I remember her rapping me painfully on the head again before everything went black.
I felt I was floating in a waterless translucent milky liquid, in fact I was caught in it, it was keeping me from falling. Shapes kept bobbing up and submerging in this liquid. Everything was connected by very delicate threads that could stretch forever. Myriads of threads twisting and curling and knotting. There were some threads that had broken off and they looked like tentacles blindly searching for something to latch on. Everything was so noisy, it sounded like a thousand voices reciting a thousand scripts. I remember trying to block the noise with my hands and realising I couldn’t bring my hands to my ears, the threads were pulling me down. The liquid tried to hang on to me for a while, but the threads were stronger. I fell for so long my voice got hoarse and I couldn’t scream anymore. I felt like a foetus whose umbilical chord had been ripped off. I curled onto myself and fell asleep immediately. The last words I heard from her were,
“Pray!” It sounded like she had said it in the mountains, because the word echoed forever in my head.
I was feeling much better when I came to and the sun had set, the air was more breathable. I walked straight back home, not even trying to be careful of the wild animals of the night, or the trees that ripped into my clothes and skin, trying to hold me back perhaps. My mother was outside making fire for the morning tea when I got home. She gestured me to her room, where I drank a large jug of sour milk, jumped into her bed and slept for two days. When I woke up I was dressed in clean clothes and smelled clean myself. She had washed and bandaged me while I was fighting the trauma of the discovery of so much information”.
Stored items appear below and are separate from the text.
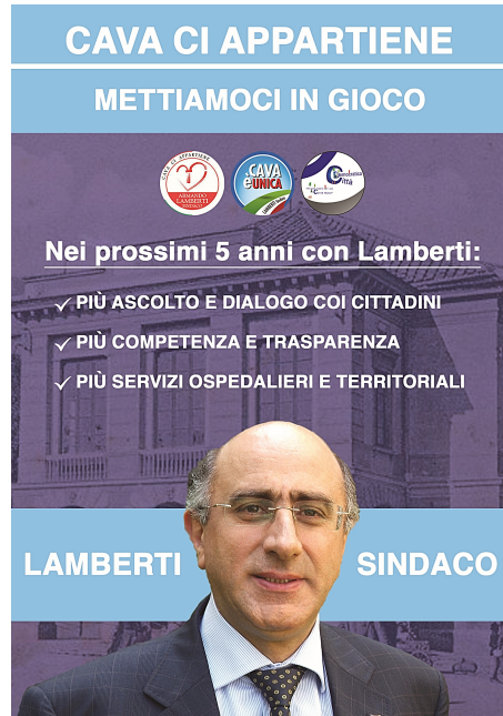
Figure C.4: Flyer with Negative Message, Field Experiment in Cava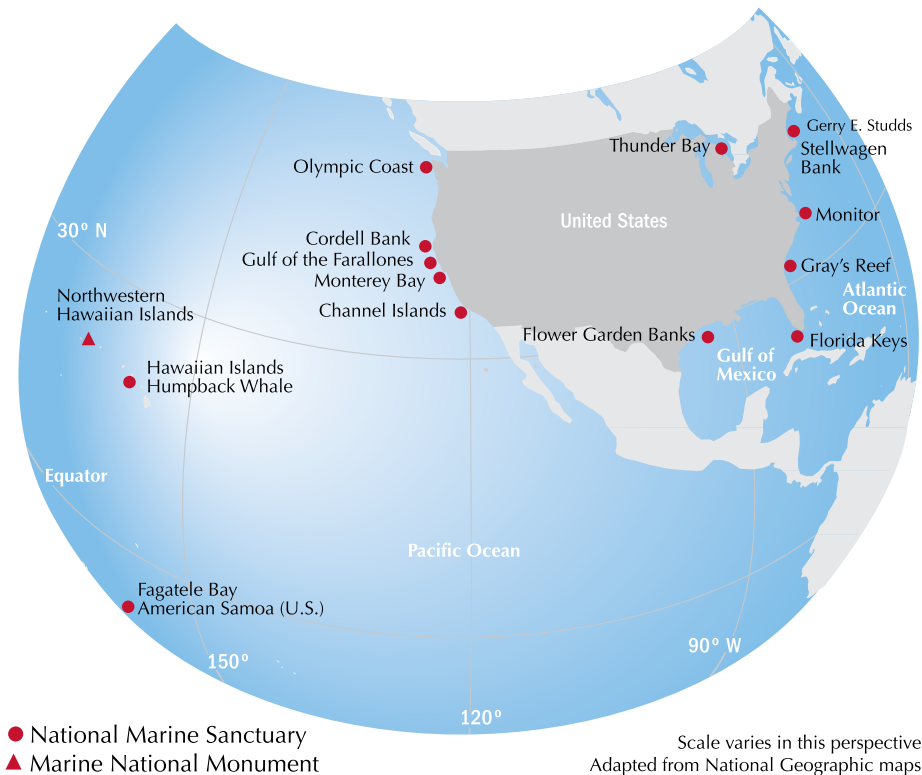
FIGURE 1. THE SYSTEM OF NATIONAL MARINE SANCTUARIES.

to promulgate regulatory changes where necessary, and monitors intra- and inter-agency agreements.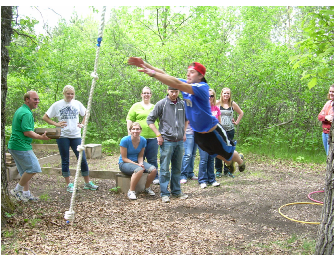
(Staff training on the Low Adventure Course)

leadership. Choice Dollars can be directed to Lutheran organizations nationwide. If you are eligible to direct Choice Dollars to one of the enrolled organizations, Thrivent will notify you. Please consider designating some or all of your Choice Dollars to Park River Bible Camp. Call (800) 847-4836 or go online to www.thrivent.com/thriventchoice, click on the red "Get Started" button, and enter "Park River Lutheran Bible Camp" as the organization name.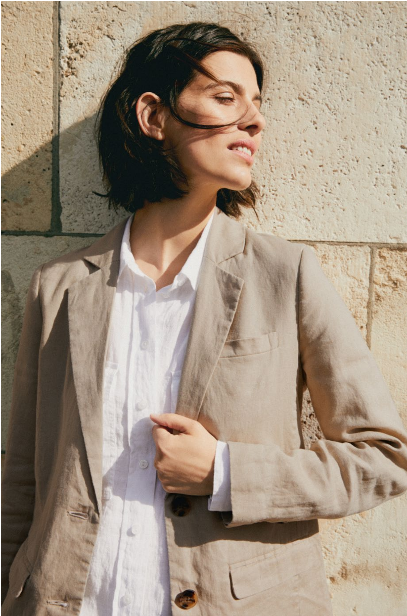
30307552 NYANPW JACKET 30306622 NAVAPW SHIRT 30307724 NINNESPW PANTS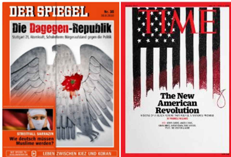
Figure 1. The use of national symbols (left: Mueller von Blumencron & Mascolo, 2010b; right: Felsenthal, 2020b).

For instance, Der Spiegel , remembered the fall of the Berlin Wall, linking the re-unification of the nation with citizen activism (Buechner, 2014b; Mueller von Blumencron & Mascolo, 2010c). In its coverage of the BLM movement (Figure 1), Time tinted the U.S. flag in black and presented it as a work in progress, still being woven by an invisible hand and slowly regaining its original colors (Felsenthal, 2020b). Through its association with the national flag, the BLM movement was articulated as an atonement for lingering past injustice, marking the latter as incompatible with the very idea(l) of the U.S. nation.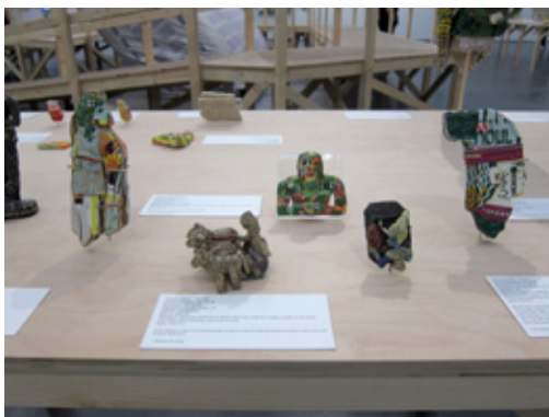
Installation view of 'Michael Rakowitz: Backstroke of the West' at MCA Chicago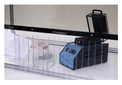
The NoZone WS Workspace features a flexible curtain to allow for manual processing of up to 16 arrays with the Hybex<sup>®</sup> Microarray Incubation System.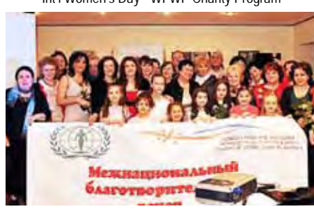
Int'l Women's Day - WFWP Charity Program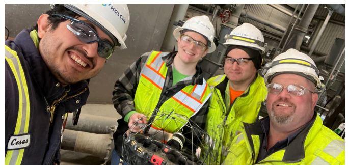
Holcim Ravenna’s reliability team prepares for the Elios inspection drone flight.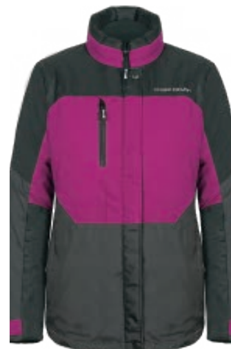
189124 BRY Berry - XS to 2XL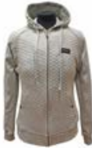
Ponsse Women Grey hoodie (Part #: 1235size)

He turns to me and with a tired voice concludes his story. “I haven’t been the same since. And I can’t shake it off, my toes are tingling with excitement, something is in the air, and I panic that I might miss it. That is why I come to this place to pray. I come here to atone for our biggest sin; that of doubting our greatness and being caught up in other people’s dreams. Maybe that is my path. Yours is different from mine, but somehow they serve the same purpose, I know”.
The sun was setting. In my language we would say it is going to its mother, and I remembered my own mother.
This time I was really gonna get it. A girl taking off without consent and being gone for the whole day! I was in for it. I just hoped my father wasn’t there because his methods of punishment were rather painful, a dry towel all over your ass or even, pray god not, a nice thick stick from the pomegranate tree on your ass or sometimes all over when you really pissed him off.
I was too happy to dwell on these unhappy thoughts.
The sun chaser had changed my life, tomorrow would be a different day, because that would be the day I would start practising to be a star. One day I would be the greatest dancer the world had ever seen, I promised myself. Dancing would be my prayer for our atonement. Honey nipped me in the bum and made her mark on me, and we both skipped home. I would get a lot of hidings for disappearing with sun chaser in the future, but the adventures we had are worth a thousand hidings. Maybe one day I’ll tell you the whole story.